What are elements of the field $\frac{\mathbb{F}_2[x,y]}{x^3-y^2+x+1}$? Is that polynomial irreducible?

Question

On a previous problem, I had the field $A=\mathbb{F}_3[x]$ and the polynomial $p(x)=x^3+x+1$, where that polynomial is reducible in $\mathbb{F}_3$, then I had $\frac{A}{p(x)}$ and I had to find its elements, which is easy knowing that $\frac{A}{p(x)}$ is isomorphic to $\frac{\mathbb{F}_3[x]}{x-1} \times \frac{\mathbb{F}_3[x]}{x^2 + x + 2}$. So now I've got this field $\frac{\mathbb{F}_2[x,y]}{x^3-y^2+x+1}$. And I need to conclude how would the previous problem change if now I worked with this new field, but I've got no clue on how to work with it since it works on two variables. Is the polynomial irreducible? How are its elements defined? Any help? I don't really need to do much, I just need to come to some conclusion.

Answer 1

Since $1=-1$ in $\mathbb{F}_2$, we can replace all the minus sings ($-$) by plus signs ($+$).

First we prove that the polynomial $p(x,y)=y^2+x^3+x+1\in\mathbb{F}_2[x,y]$ is irreducible. To do so, note that $\mathbb{F}_2[x,y]=(\mathbb{F}_2[x])[y]$, that is, we can see $p(x,y)$ as a polynomial in the indeterminate $y$ with coefficients in the ring $\mathbb{F}_2[x]$. As such, $p(x,y)$ is a polynomial of degree $2$ in $y$ so, if its is reducible, it must be either a product of a degree two and a degree zero polynomial in $y$ or a product of two polynomials of degree one in $y$. The former case is easy to rule out. In the latter we have $$ p(x,y)=(c(x)y+a(x))(d(x)y+b(x)), \quad a(x),b(x),c(x),d(x)\in\mathbb{F}_2[x]. $$ By comparing the coefficients of $y^2$ in both sides, you can conclude that $c(x)$ and $d(x)$ are units, and we can assume that both equal $1$. So we have $$ p(x,y)=(y+a(x))(y+b(x)). $$ Expanding this product, you obtain that $a(x)+b(x)=0$ and $a(x)b(x)=x^3+x+1$. But then $a(x)=b(x)$ (recall that $1=-1$ in $\mathbb{F}_2$), that is, $(a(x))^2 = x^3+x+1$. But this is impossible, since $(a(x))^2$ must have even degree, and $x^3+x+1$ has odd degree. This proves that $p(x,y)$ is irreducible.
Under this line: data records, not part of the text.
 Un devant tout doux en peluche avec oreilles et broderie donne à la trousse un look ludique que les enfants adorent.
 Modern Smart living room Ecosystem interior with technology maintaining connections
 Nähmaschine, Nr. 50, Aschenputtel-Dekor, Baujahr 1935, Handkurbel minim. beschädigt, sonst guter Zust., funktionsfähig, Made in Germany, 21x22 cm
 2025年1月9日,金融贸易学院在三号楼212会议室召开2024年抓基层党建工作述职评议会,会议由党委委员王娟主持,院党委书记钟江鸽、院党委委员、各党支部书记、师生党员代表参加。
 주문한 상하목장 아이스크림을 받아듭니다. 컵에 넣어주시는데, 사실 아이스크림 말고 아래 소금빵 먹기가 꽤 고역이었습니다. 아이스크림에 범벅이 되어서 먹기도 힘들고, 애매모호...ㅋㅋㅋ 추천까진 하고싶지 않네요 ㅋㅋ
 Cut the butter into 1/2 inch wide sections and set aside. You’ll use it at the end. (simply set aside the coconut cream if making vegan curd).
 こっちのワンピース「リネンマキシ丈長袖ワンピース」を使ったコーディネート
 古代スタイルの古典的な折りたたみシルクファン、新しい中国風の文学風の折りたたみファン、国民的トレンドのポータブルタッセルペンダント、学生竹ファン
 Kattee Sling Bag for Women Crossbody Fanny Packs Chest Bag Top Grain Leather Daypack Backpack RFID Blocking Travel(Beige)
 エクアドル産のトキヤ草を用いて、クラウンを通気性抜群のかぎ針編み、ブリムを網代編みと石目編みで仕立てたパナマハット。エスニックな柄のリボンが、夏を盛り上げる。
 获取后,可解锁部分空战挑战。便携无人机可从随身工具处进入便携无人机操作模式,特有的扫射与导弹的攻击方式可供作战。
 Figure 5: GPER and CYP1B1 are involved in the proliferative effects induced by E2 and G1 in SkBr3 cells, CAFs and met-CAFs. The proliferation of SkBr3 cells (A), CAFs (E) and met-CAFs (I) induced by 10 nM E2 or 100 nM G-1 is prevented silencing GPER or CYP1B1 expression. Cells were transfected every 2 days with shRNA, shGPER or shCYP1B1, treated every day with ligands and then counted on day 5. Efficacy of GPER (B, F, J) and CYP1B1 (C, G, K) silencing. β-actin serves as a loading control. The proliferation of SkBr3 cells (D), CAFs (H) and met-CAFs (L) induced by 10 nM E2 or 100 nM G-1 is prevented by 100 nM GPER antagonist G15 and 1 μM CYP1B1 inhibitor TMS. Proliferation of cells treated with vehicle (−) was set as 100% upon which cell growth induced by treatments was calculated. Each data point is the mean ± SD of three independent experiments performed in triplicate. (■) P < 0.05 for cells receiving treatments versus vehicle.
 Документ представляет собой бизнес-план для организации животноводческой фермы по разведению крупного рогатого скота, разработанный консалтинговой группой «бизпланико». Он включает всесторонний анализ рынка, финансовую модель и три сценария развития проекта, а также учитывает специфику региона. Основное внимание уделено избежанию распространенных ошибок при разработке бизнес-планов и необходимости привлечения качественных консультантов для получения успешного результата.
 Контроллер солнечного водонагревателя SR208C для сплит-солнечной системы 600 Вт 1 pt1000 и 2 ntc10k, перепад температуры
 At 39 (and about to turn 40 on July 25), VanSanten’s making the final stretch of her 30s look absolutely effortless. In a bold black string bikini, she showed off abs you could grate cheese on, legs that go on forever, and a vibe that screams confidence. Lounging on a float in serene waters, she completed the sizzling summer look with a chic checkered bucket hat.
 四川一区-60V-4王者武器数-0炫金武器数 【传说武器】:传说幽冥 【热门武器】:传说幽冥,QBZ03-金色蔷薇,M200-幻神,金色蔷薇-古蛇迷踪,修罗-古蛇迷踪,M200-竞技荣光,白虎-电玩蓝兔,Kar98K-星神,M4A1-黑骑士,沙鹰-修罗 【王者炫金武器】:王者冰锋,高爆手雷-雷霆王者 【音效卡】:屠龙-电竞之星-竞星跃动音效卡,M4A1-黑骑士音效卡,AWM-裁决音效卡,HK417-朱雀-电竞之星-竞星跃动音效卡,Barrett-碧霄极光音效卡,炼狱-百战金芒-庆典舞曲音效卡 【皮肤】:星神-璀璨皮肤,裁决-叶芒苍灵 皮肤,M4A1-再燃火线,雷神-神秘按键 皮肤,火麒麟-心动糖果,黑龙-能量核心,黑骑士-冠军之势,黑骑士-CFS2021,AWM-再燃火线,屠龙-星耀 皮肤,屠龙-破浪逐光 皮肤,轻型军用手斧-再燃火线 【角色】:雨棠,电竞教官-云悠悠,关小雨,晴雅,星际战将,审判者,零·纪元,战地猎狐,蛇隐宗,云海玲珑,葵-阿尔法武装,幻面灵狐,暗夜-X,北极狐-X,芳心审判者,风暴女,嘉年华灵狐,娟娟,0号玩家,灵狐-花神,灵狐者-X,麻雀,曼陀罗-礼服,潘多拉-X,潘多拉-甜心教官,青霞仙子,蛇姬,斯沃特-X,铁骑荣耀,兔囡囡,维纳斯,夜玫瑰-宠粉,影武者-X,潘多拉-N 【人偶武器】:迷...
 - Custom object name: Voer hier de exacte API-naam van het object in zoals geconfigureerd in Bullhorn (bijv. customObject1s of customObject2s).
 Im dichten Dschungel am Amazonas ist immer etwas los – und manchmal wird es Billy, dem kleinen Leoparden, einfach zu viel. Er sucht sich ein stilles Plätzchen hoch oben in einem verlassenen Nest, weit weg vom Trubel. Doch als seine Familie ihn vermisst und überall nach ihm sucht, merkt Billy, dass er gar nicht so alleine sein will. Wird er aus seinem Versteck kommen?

Now, to describe the elements of $R=\mathbb{F}_2[x,y]/(p(x,y))$, you have already the answer in the comments. I just complement it (you must verify the details):

Let $\varphi:\mathbb{F}_2[x]\oplus\mathbb{F}_2[x]\to R$ be the $\mathbb{F}_2$-linear map given by $$ \varphi(a(x),b(x)) = a(x)+b(x)y + (p(x,y)). $$ Let $\psi':\mathbb{F}_2[x,y]\to \mathbb{F}_2[x]\oplus\mathbb{F}_2[x]$ defined by $$ \sum a_i(x)y^{i}\mapsto \left( \sum a_{2i}(x)(x^3+x+1)^{i},\sum a_{2i+1}(x)(x^3+x+1)^{i} \right). $$ Note that $(p(x,y))$ is contained in the kernel of $\psi'$ so this induces a $\mathbb{F}_2$-linear map $\psi:R\to \mathbb{F}_2[x]\oplus\mathbb{F}_2[x]$. After a simple calculation, you can show that $\varphi$ and $\psi$ are mutually inverse linear maps, so that $R$ is isomorphic, as a vector space, to $\mathbb{F}_2[x]\oplus\mathbb{F}_2[x]$. Under this isomorphism, the pair $(a(x),b(x))\in \mathbb{F}_2[x]\oplus\mathbb{F}_2[x]$ corresponds to $a(x)+b(x)y+(p(x,y))$. Thus, if we write $\overline{x}$ and $\overline{y}$ to denote the image of $x$ and $y$ in $R$, respectively, we see that the elements of $R$ are all of the form $a(\overline{x})+b(\overline{x})\overline{y}$ for $a(x),b(x)\in \mathbb{F}_2[x]$.